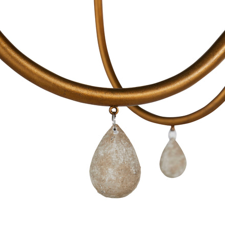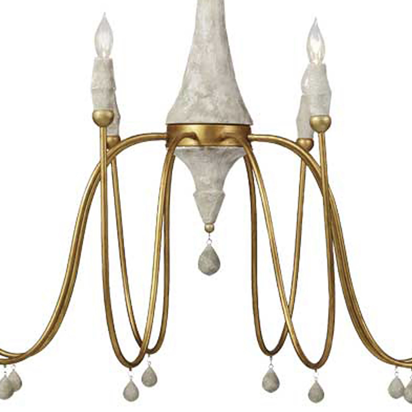 - Delicate distressed ivory teardrop accents add subtle detail and elevate the chandelier’s refined design
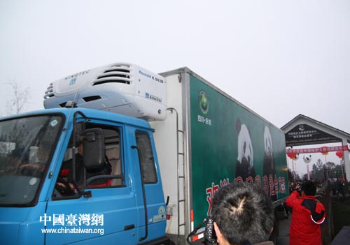 12月23日,四川雅安碧峰峡基地举行大熊猫赴台启动仪式。运载“团团”、“圆圆”的运输车从碧峰峡基地启程驶往成都双流机场。中国台湾网 田云鹏 摄
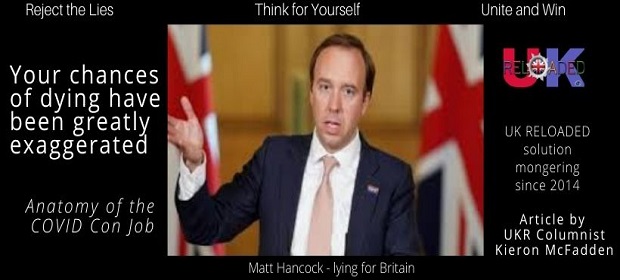 Imagine a day when, say, 1000 tests are done and, say, there are 150 positives, which the government then touts as “new cases”. But, per Hancock, there are 1% false positives, so of those 1000 tests, 100 of them are false positives, yet they are counted as “new cases”. So deduct the false “new cases” from the declared number of 150 and you get 5o. Try this out on any one day: take the number of tests done, then calculate 1% of those, which will give you the number of false positives one can expect. The government, although it knows a large proportion of “new cases” are false, does not deduct the false positives from the overall figure so do their job for them and deduct those false positives from the number of “new cases” and you get a more reliable number – a number that is FAR less scary.
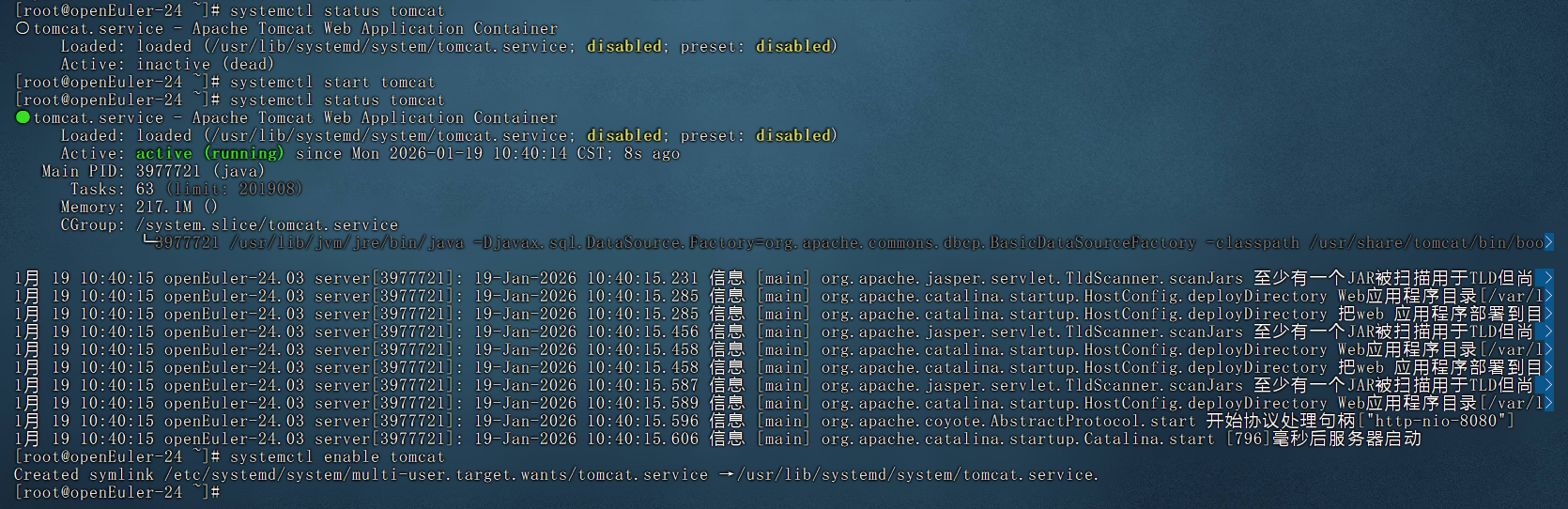 使用dnf在线安装完成tomcat默认注册了systemd系统服务,但是没有启动。启动命令如下:
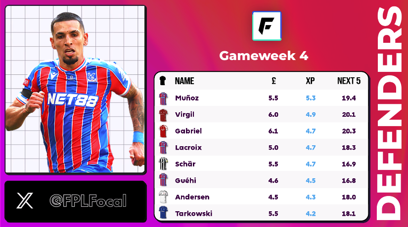 If I was wildcarding what would my defense be? Munoz, Gabriel, and Andersen would definitely be in, and for the last two spots there's so many options. Double Palace defense with Lacroix looks good, and I like Senesi a lot for £4.6m. Konsa is potentially value for £4.5m with Everton, Sunderland, Fulham, and Burnley his next four.
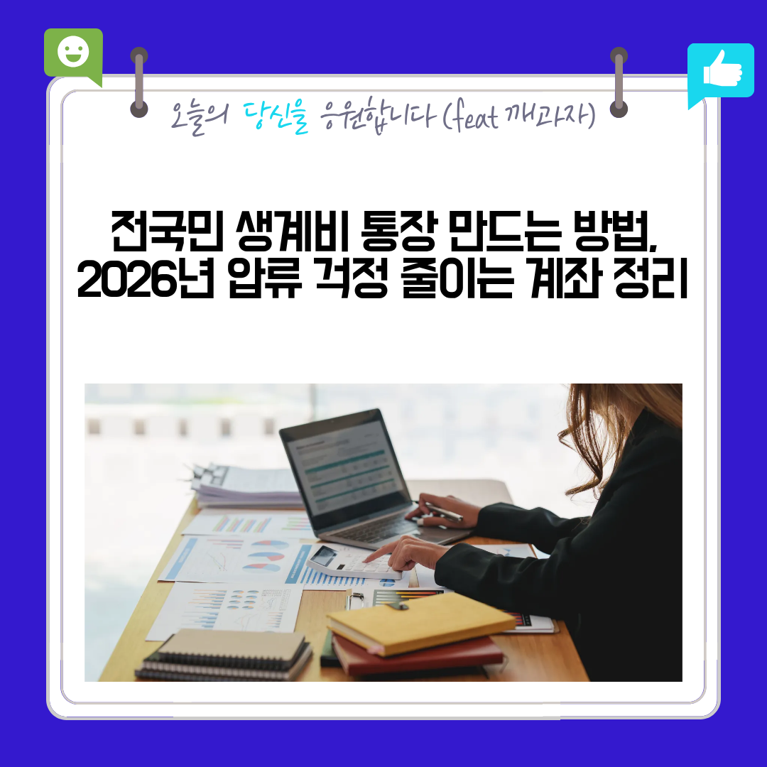 메타디스크립션, 전국민 생계비 통장 만드는 방법과 개설 절차, 보호 한도, 신청 대상, 2026년 시행 내용까지 한 번에 이해할 수 있도록 쉽게 정리한 안내 글입니다.
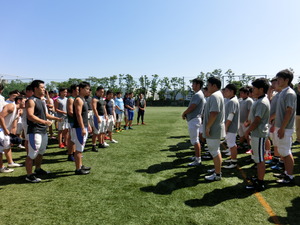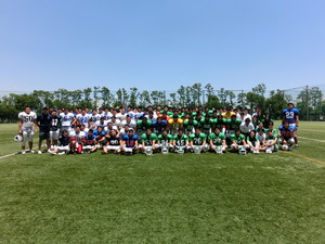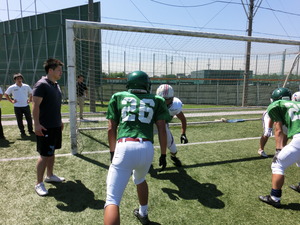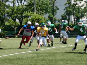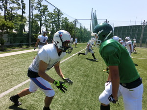 LB#29熊谷選手を筆頭に、DB#41権代選手、WR#85大下選手、新人QBの中本選手、と私MGR落合です。
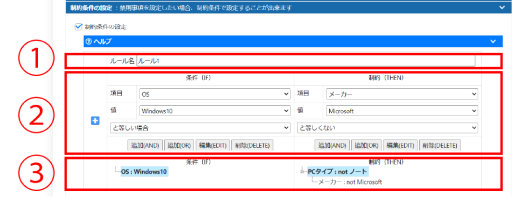 ② ルールに対しての条件(IF)と制約(THEN)を指定します。
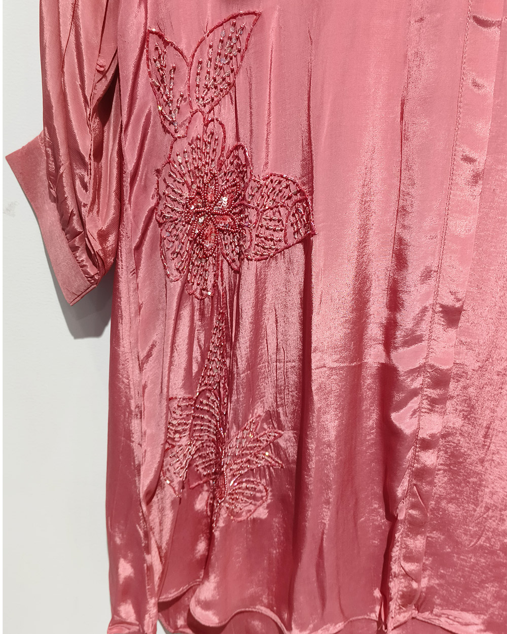 This cord set, crafted from premium imported fabric, features a sophisticated dusty rose pink shade with a smooth, lustrous finish. The shirt is designed with a straight cut and has delicate embroidery on one side, giving it an elegant yet subtle touch. It is paired with matching trousers in the same luxurious fabric.Product DetailsFabric: Imported, providing a glossy texture and soft, comfortable fit.
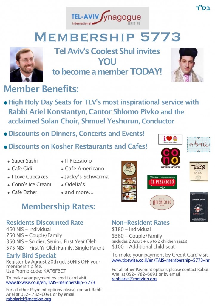 • High Holiday Seats for TLV’s most inspirational service with Rabbi Ariel, Cantor Shlomo Pivko and the acclaimed Solan Choir, Shmuel Yeshurun, Director!
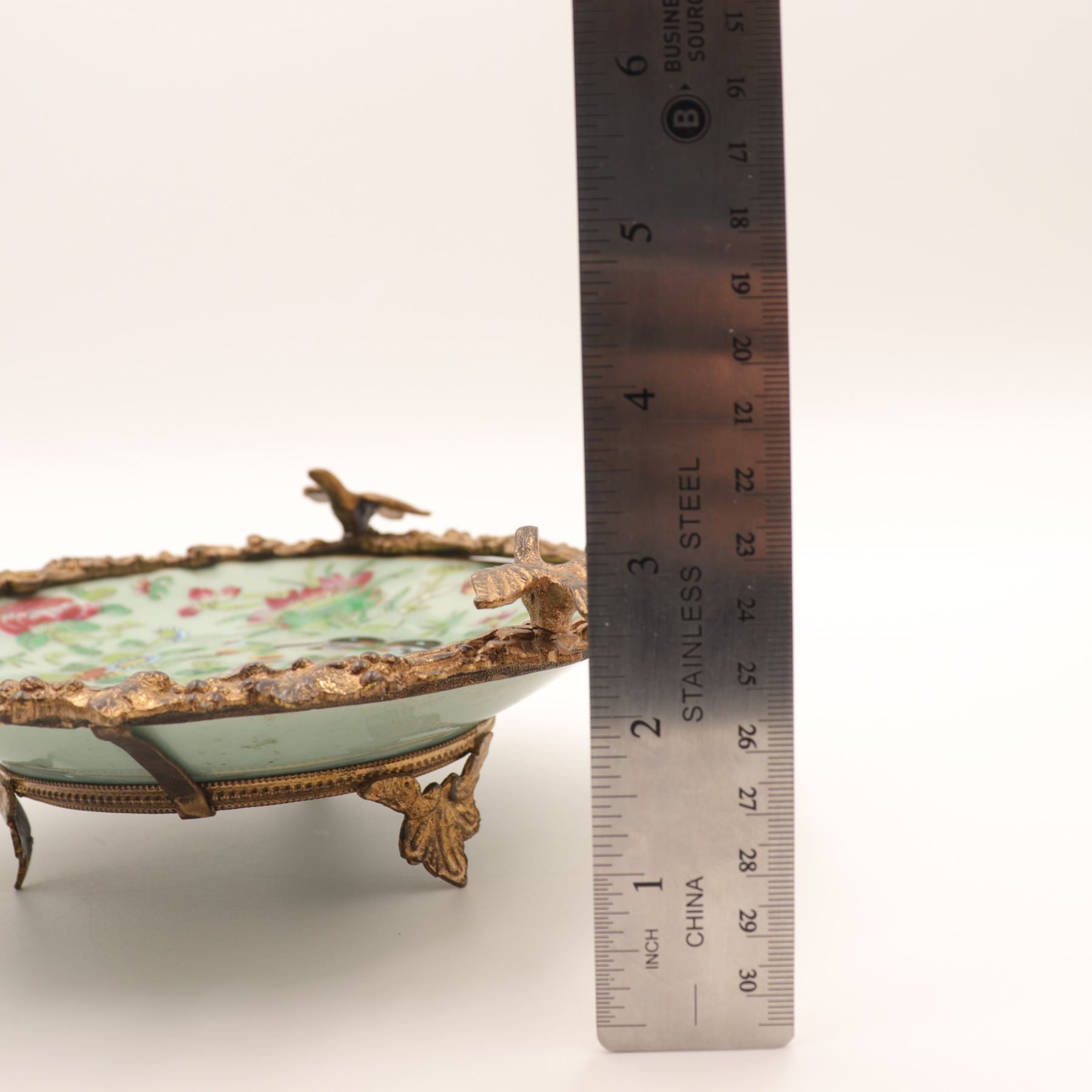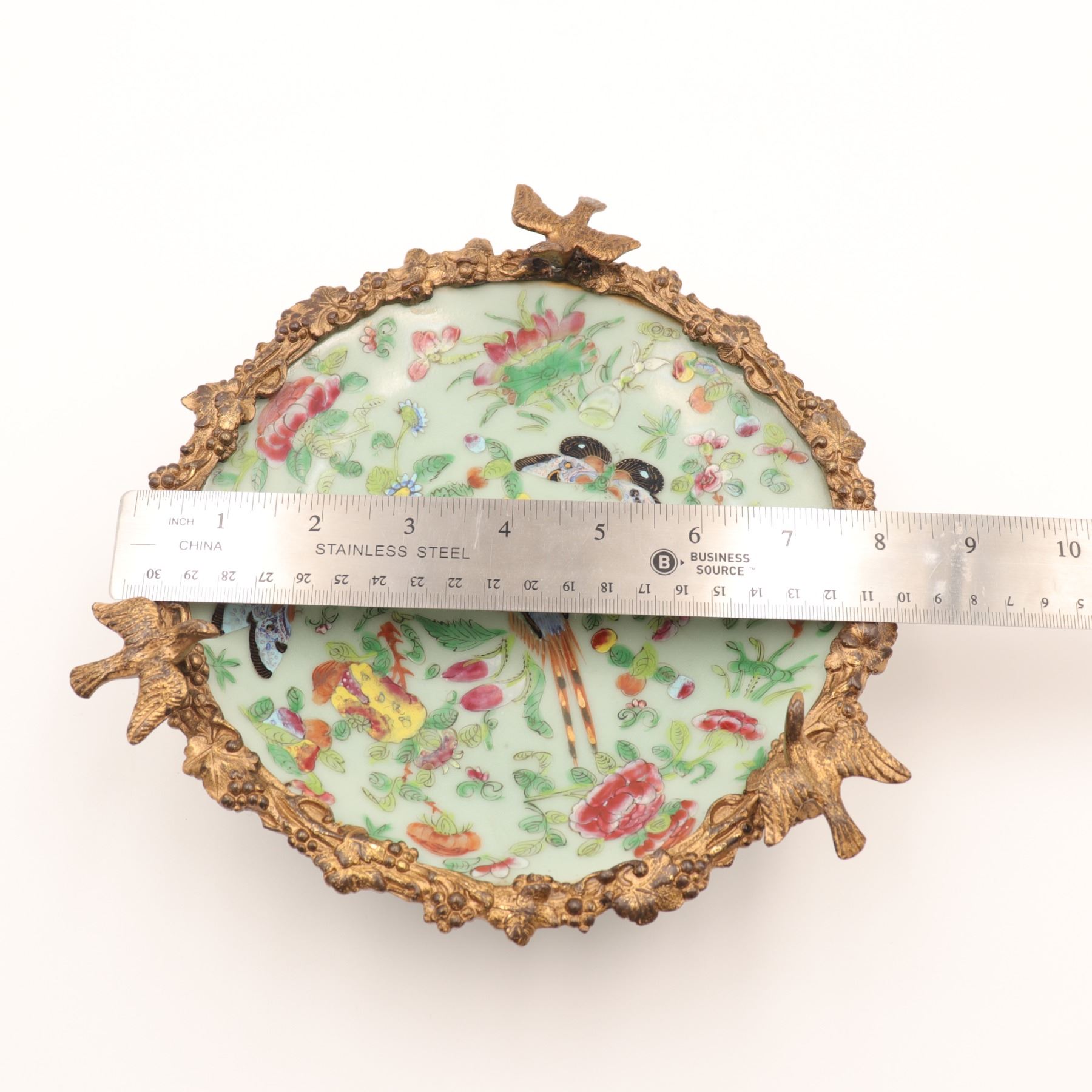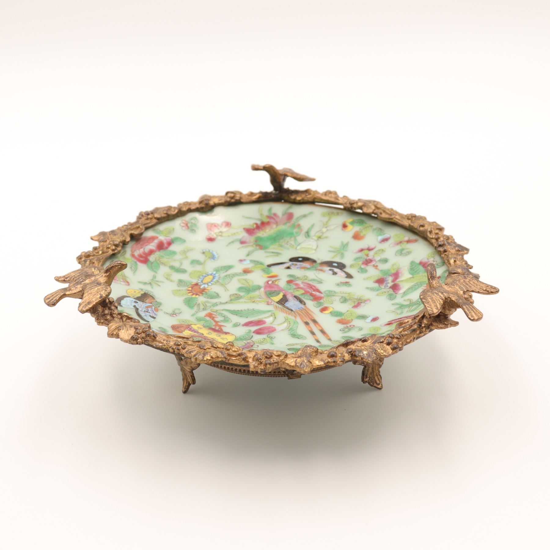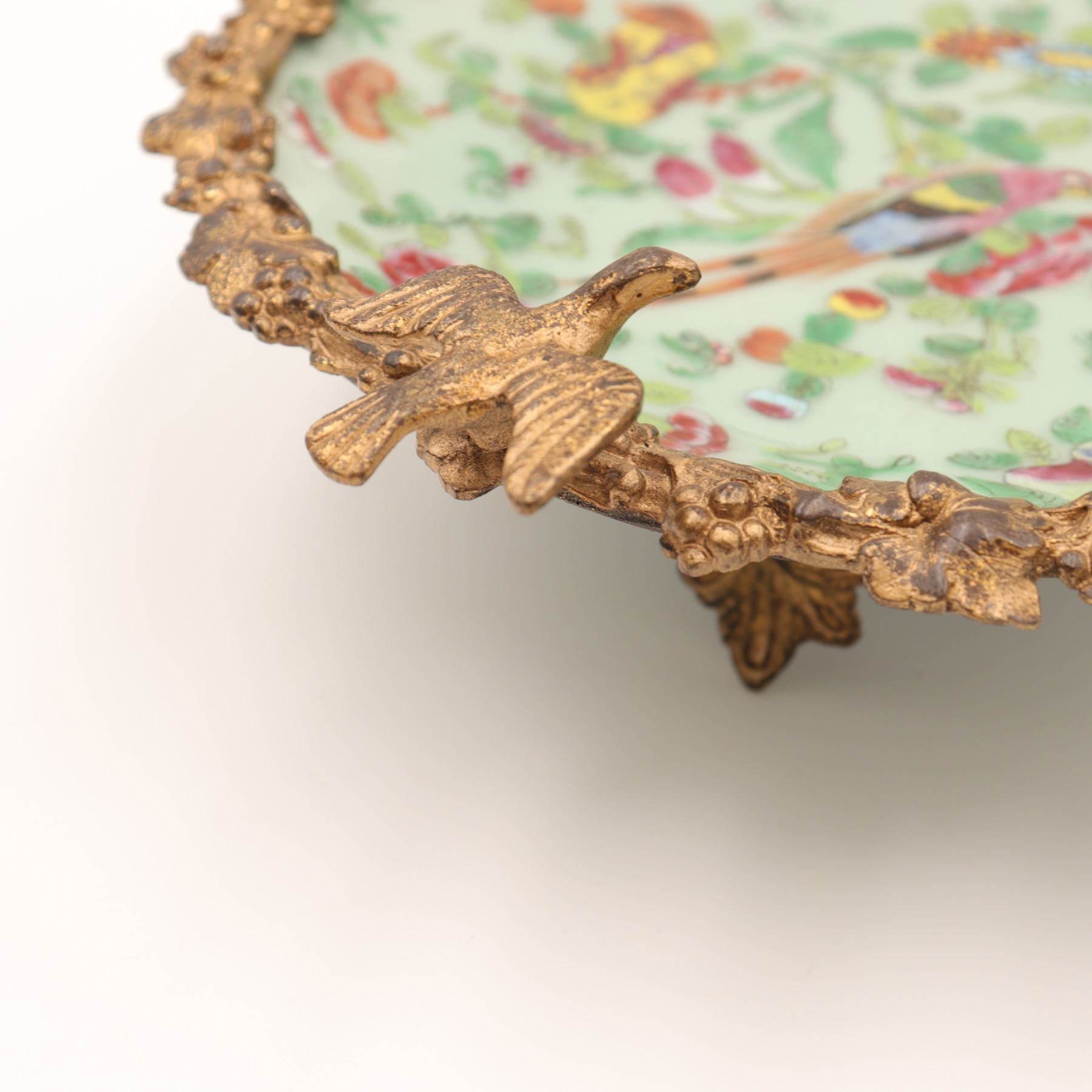 Chinese Celadon and Famille Rose Plate in French Gilt-Bronze Mount, Late 19th Century
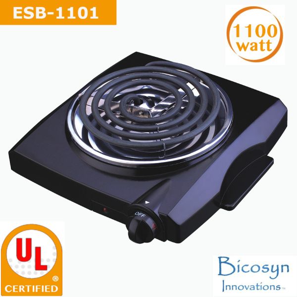 ESB-1101 1100 Watt low price Compact Single Buffet Burner Electric Hot Plate, Black, UL approved, Back to school item Images |
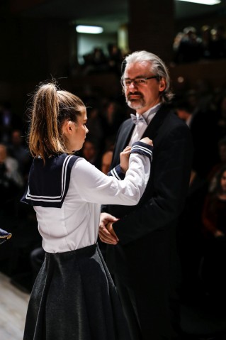 Az igazgató úr nyitóbeszédét követte a bál fénypontja, a varázslatos szalagozás. Az osztályok felszalagozása és a fényképkészítések után következett a nyitótánc, a palotás, amit a 6. a és b osztály közösen, tradicionális magyar viseletben adott elő.
+--
_What the task asks_
Please repeat the listing precisely, excluding the pictures it contains.

_Task solution_
 - Delicate distressed ivory teardrop accents add subtle detail and elevate the chandelier’s refined design
 12月23日,四川雅安碧峰峡基地举行大熊猫赴台启动仪式。运载“团团”、“圆圆”的运输车从碧峰峡基地启程驶往成都双流机场。中国台湾网 田云鹏 摄
 Imagine a day when, say, 1000 tests are done and, say, there are 150 positives, which the government then touts as “new cases”. But, per Hancock, there are 1% false positives, so of those 1000 tests, 100 of them are false positives, yet they are counted as “new cases”. So deduct the false “new cases” from the declared number of 150 and you get 5o. Try this out on any one day: take the number of tests done, then calculate 1% of those, which will give you the number of false positives one can expect. The government, although it knows a large proportion of “new cases” are false, does not deduct the false positives from the overall figure so do their job for them and deduct those false positives from the number of “new cases” and you get a more reliable number – a number that is FAR less scary.
 使用dnf在线安装完成tomcat默认注册了systemd系统服务,但是没有启动。启动命令如下:
 If I was wildcarding what would my defense be? Munoz, Gabriel, and Andersen would definitely be in, and for the last two spots there's so many options. Double Palace defense with Lacroix looks good, and I like Senesi a lot for £4.6m. Konsa is potentially value for £4.5m with Everton, Sunderland, Fulham, and Burnley his next four.
 메타디스크립션, 전국민 생계비 통장 만드는 방법과 개설 절차, 보호 한도, 신청 대상, 2026년 시행 내용까지 한 번에 이해할 수 있도록 쉽게 정리한 안내 글입니다.
 LB#29熊谷選手を筆頭に、DB#41権代選手、WR#85大下選手、新人QBの中本選手、と私MGR落合です。
 ② ルールに対しての条件(IF)と制約(THEN)を指定します。
 This cord set, crafted from premium imported fabric, features a sophisticated dusty rose pink shade with a smooth, lustrous finish. The shirt is designed with a straight cut and has delicate embroidery on one side, giving it an elegant yet subtle touch. It is paired with matching trousers in the same luxurious fabric.Product DetailsFabric: Imported, providing a glossy texture and soft, comfortable fit.
 • High Holiday Seats for TLV’s most inspirational service with Rabbi Ariel, Cantor Shlomo Pivko and the acclaimed Solan Choir, Shmuel Yeshurun, Director!
 Chinese Celadon and Famille Rose Plate in French Gilt-Bronze Mount, Late 19th Century
 ESB-1101 1100 Watt low price Compact Single Buffet Burner Electric Hot Plate, Black, UL approved, Back to school item Images |
 Az igazgató úr nyitóbeszédét követte a bál fénypontja, a varázslatos szalagozás. Az osztályok felszalagozása és a fényképkészítések után következett a nyitótánc, a palotás, amit a 6. a és b osztály közösen, tradicionális magyar viseletben adott elő.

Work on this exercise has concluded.